** MATERIAL SUPPLIED follows **
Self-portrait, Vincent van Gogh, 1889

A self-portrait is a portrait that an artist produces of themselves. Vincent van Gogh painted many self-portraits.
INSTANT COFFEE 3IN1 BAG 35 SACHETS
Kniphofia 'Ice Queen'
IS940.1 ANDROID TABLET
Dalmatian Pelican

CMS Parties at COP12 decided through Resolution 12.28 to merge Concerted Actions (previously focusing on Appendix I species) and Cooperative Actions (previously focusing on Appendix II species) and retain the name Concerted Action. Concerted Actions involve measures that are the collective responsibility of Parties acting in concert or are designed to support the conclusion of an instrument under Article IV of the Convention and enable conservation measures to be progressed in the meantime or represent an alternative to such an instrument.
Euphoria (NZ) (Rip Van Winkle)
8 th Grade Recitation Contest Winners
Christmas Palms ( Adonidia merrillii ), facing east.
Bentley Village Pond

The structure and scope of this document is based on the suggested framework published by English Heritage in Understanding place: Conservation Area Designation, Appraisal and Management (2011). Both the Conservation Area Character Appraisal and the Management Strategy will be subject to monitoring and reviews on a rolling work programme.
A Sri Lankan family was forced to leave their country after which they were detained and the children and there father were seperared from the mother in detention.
** End of MATERIAL SUPPLIED **
** MATERIAL SUPPLIED follows **
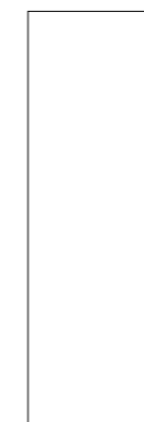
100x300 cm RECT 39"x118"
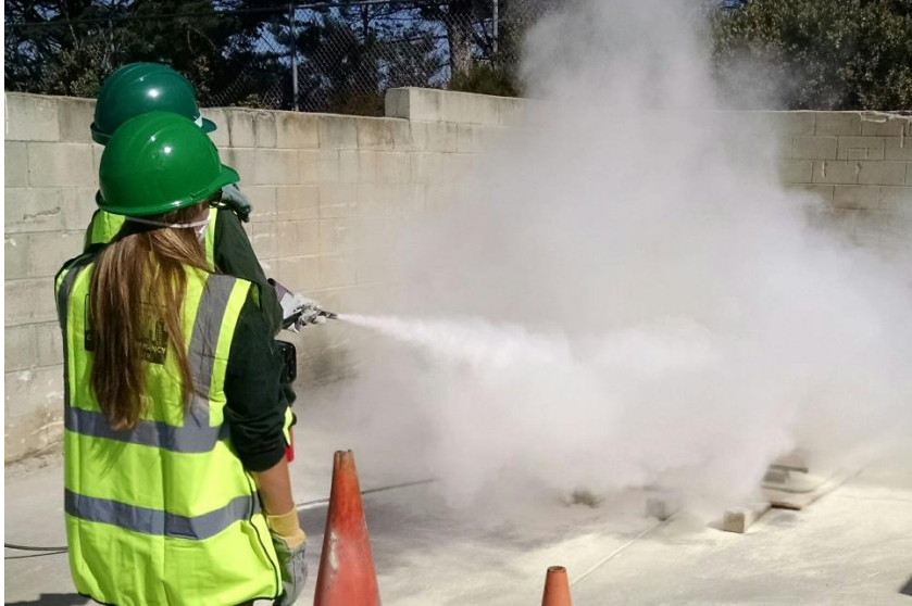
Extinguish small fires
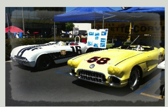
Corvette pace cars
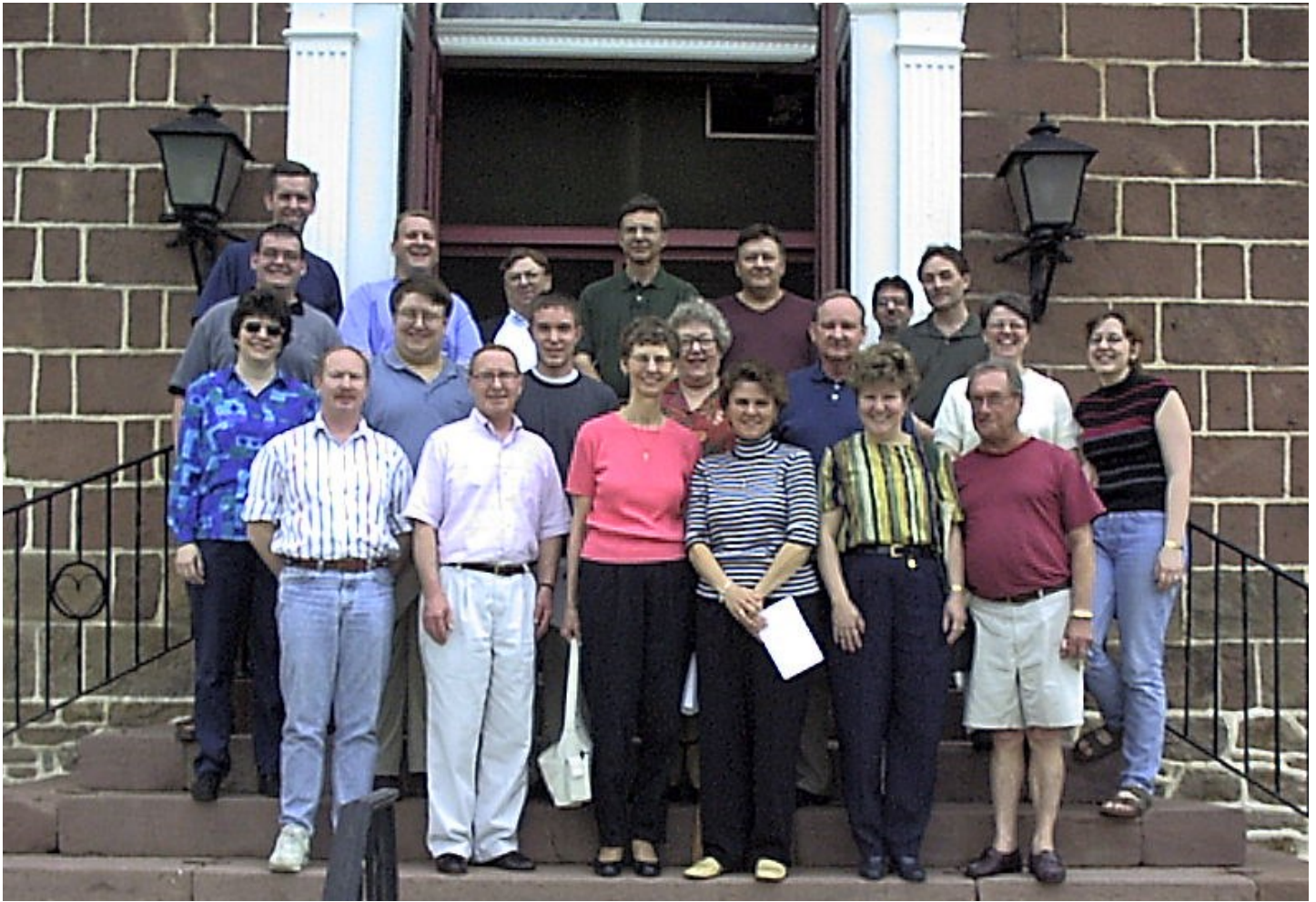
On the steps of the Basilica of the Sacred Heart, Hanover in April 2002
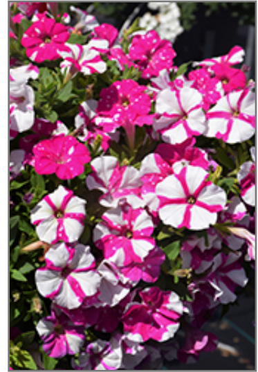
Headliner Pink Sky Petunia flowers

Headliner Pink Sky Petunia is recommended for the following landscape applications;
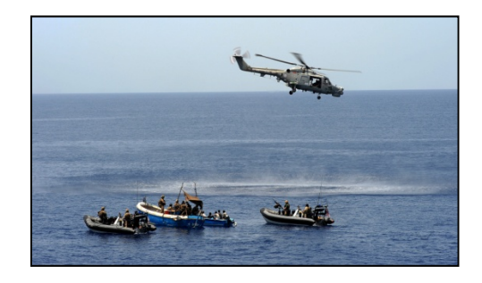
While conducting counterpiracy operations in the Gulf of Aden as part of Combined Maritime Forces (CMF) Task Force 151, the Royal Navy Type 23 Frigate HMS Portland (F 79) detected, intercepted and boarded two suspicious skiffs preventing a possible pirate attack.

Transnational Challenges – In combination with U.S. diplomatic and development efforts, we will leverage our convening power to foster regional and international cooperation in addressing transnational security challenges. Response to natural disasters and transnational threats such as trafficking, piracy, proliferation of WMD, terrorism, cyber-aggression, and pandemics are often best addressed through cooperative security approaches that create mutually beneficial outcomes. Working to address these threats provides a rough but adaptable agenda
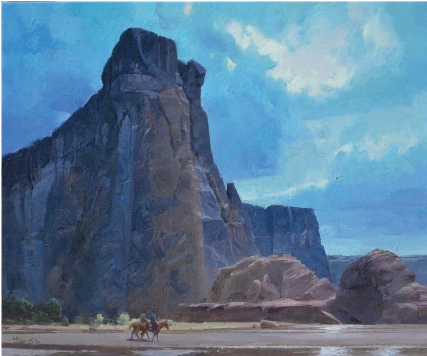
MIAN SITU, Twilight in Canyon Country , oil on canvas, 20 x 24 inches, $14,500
** End of MATERIAL SUPPLIED **
● TASK DESCRIPTION: Looking at the data above, return every line from the one with "Kniphofia 'Ice Queen'" down to the one with "A Sri Lankan", exactly and inclusively.

● ANSWER AREA:
Kniphofia 'Ice Queen'
IS940.1 ANDROID TABLET
Dalmatian Pelican

CMS Parties at COP12 decided through Resolution 12.28 to merge Concerted Actions (previously focusing on Appendix I species) and Cooperative Actions (previously focusing on Appendix II species) and retain the name Concerted Action. Concerted Actions involve measures that are the collective responsibility of Parties acting in concert or are designed to support the conclusion of an instrument under Article IV of the Convention and enable conservation measures to be progressed in the meantime or represent an alternative to such an instrument.
Euphoria (NZ) (Rip Van Winkle)
8 th Grade Recitation Contest Winners
Christmas Palms ( Adonidia merrillii ), facing east.
Bentley Village Pond

The structure and scope of this document is based on the suggested framework published by English Heritage in Understanding place: Conservation Area Designation, Appraisal and Management (2011). Both the Conservation Area Character Appraisal and the Management Strategy will be subject to monitoring and reviews on a rolling work programme.
A Sri Lankan family was forced to leave their country after which they were detained and the children and there father were seperared from the mother in detention.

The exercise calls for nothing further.